Mit den Menschen wurde es jedoch schlimmer und schlimmer. Einst lag ein Mann in einer herrlichen Nacht auf dem duftenden Rasen, und der Schlaf und die Träume waren zu ihm getreten; aber die Sünde ließ sie nicht Macht über ihn bekommen. In seiner Seele stieg ein furchtbarer Gedanke auf, der Gedanke an Brudermord. Vergebens schüttelte der Schlaf aus seinem Zauberstab die beruhigenden Tropfen auf ihn aus, vergebens umgaukelten ihn die Träume mit ihren bunten Bildern, – immer wieder entzog er sich ihrer sanften Herrschaft. Da rief der Schlaf seine Kinder zu sich. »Laßt uns fliehen« sprach er, »dieser Mensch ist unserer Gaben nicht wert!« und sie flohen.
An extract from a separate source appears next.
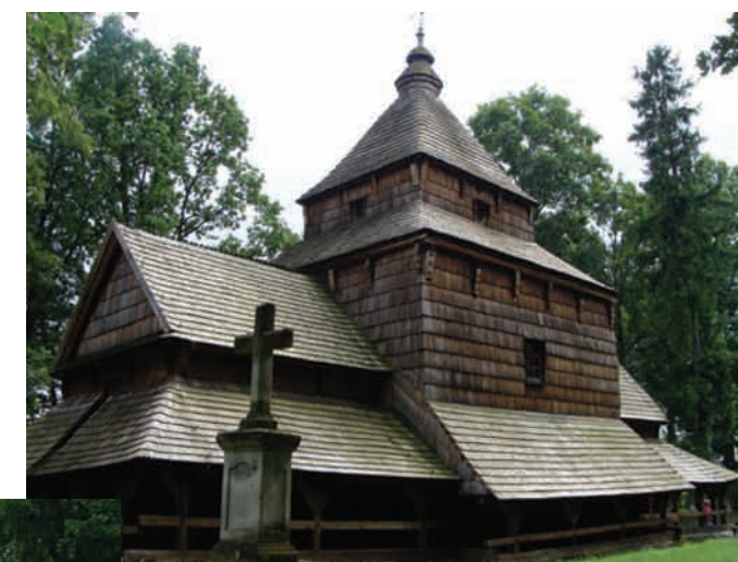
Смільник (Smolnik, Підкарпатське воєводство) Церква Св. арх. Михайла, збудована 1791 року. Бойківський тип

Als sie fern waren, nahm der Schlaf seinen Zauberstab, halb im Zorn, daß er ihm diesmal seine Kraft so schlecht bewährt hatte, und steckte ihn in die Erde. Oben darauf hängten die Träume spielend ihre leichten, luftigen, bunten Bilderchen, die sie dem Menschen hatten schenken wollen. Das sah die Nacht, und sie hauchte Leben in den Stab, daß er Wurzel schlüge in die Erde. Er ergrünte und barg nach wie vor in sich die Tropfen, die den Schlaf herbeirufen. Und die Gaben der Träume gestalteten sich zu zarten, bunten, flatternden Blättern. So sind wir Mohnblumen entstanden.« –

Die Erzählung war beendigt, und dankend beugten sich die Blumen von allen Seiten zur Erzählerin. Da dämmerte der Morgen heran. Als es nun hell wurde, flatterten die Blätter einer Zentifolie zerstreut durch den Wald und hielten still bei jeder Blume, an der sie vorbeikamen, jeder einen wehmütigen Abschied zuflüsternd. Und Tränen hingen in allen Blumen.